> TASK PROMPT: Repeat every line from the line containing "1.Random:B产生的随" to the end of the data, exactly. Leave the pictures out.

<<<<

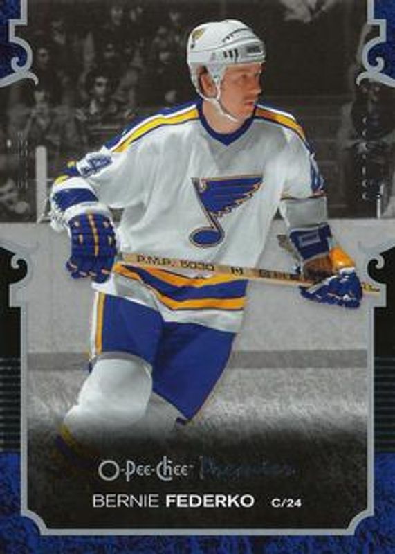 The Bernie Federko 2007 O-Pee-Chee Premier #24 Base /299 card is 1 of 8 Bernie Federko's card variations in the 2007 O-Pee-Chee Premier set being tracked by Sports Card Investor, including Gold /50, Silver Spectrum /35, Gold Spectrum /15, Black /1, and Penmanship /100.
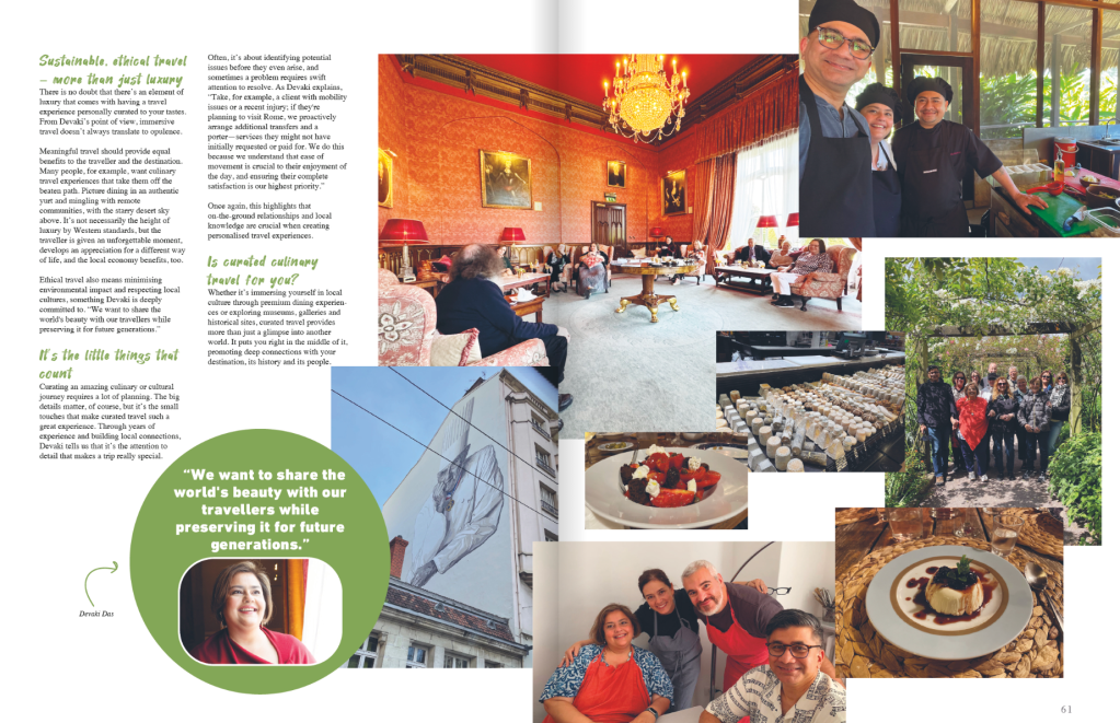 Ethical travel also means minimising environmental impact and respecting local cultures, something Devaki is deeply committed to. “We want to share the world’s beauty with our travellers while preserving it for future generations.”
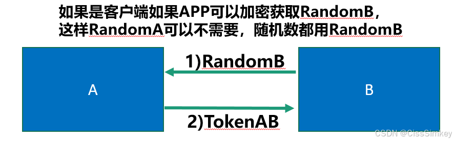 1.Random:B产生的随机数,A获取到B产生的随机数,再从A发送到B 【Random明文传递需要增加RandomA作为TokenAB的因子】
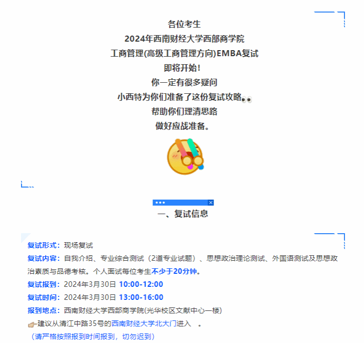 复试必看!快来查收你的西财EMBA复试指引
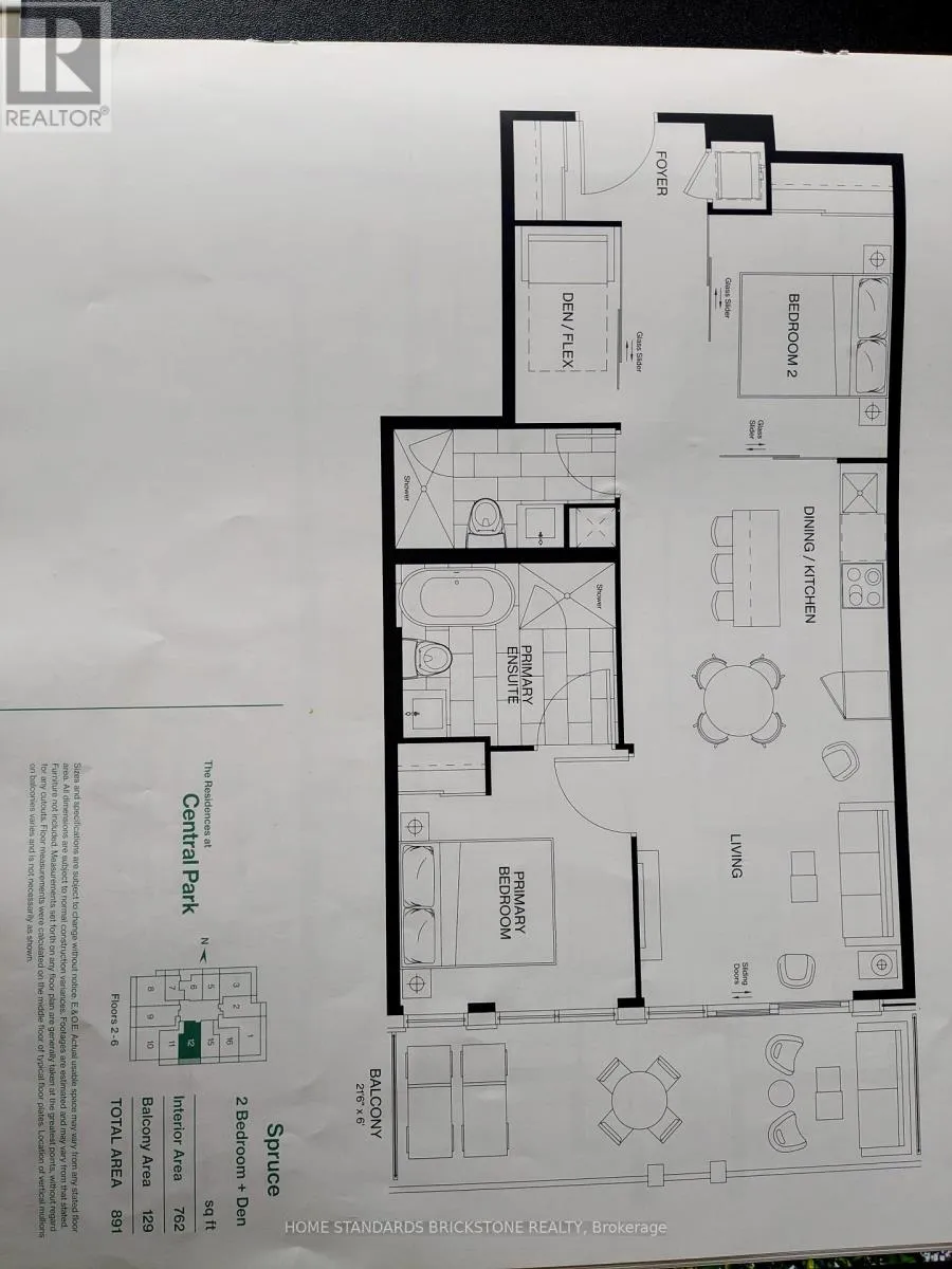 ** One of the Best Floor Plan in Brand New Central Park Condo ** No Wasted Space Floor Plan ** 762 SqFt + 129 SqFt Balcony ** Natural Light from South Exposure, Future Court Yard View ** Storage Locker (Oversized 5′ x 7′) is a Great Value
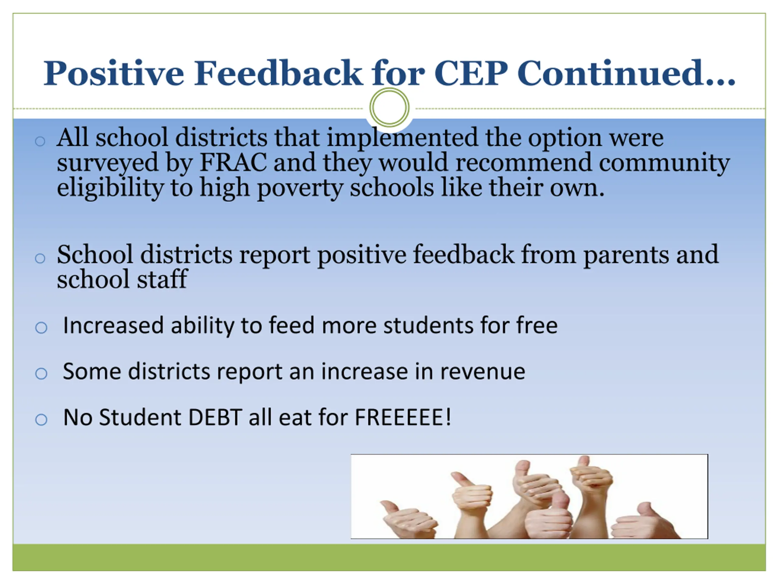 Positive Feedback for CEP Continued o All school districts that implemented the option were surveyed by FRAC and they would recommend community eligibility to high poverty schools like their own. o School districts report positive feedback from parents and school staff o Increased ability to feed more students for free o Some districts report an increase in revenue o No Student DEBT all eat for FREEEEE! http://www.coachingacademyblog.com/wp-content/the-power-of-positive-feedback-by-julie-hickton.jpg

>>>>

> RESULT OF THE TASK:
 1.Random:B产生的随机数,A获取到B产生的随机数,再从A发送到B 【Random明文传递需要增加RandomA作为TokenAB的因子】
 复试必看!快来查收你的西财EMBA复试指引
 ** One of the Best Floor Plan in Brand New Central Park Condo ** No Wasted Space Floor Plan ** 762 SqFt + 129 SqFt Balcony ** Natural Light from South Exposure, Future Court Yard View ** Storage Locker (Oversized 5′ x 7′) is a Great Value
 Positive Feedback for CEP Continued o All school districts that implemented the option were surveyed by FRAC and they would recommend community eligibility to high poverty schools like their own. o School districts report positive feedback from parents and school staff o Increased ability to feed more students for free o Some districts report an increase in revenue o No Student DEBT all eat for FREEEEE! http://www.coachingacademyblog.com/wp-content/the-power-of-positive-feedback-by-julie-hickton.jpg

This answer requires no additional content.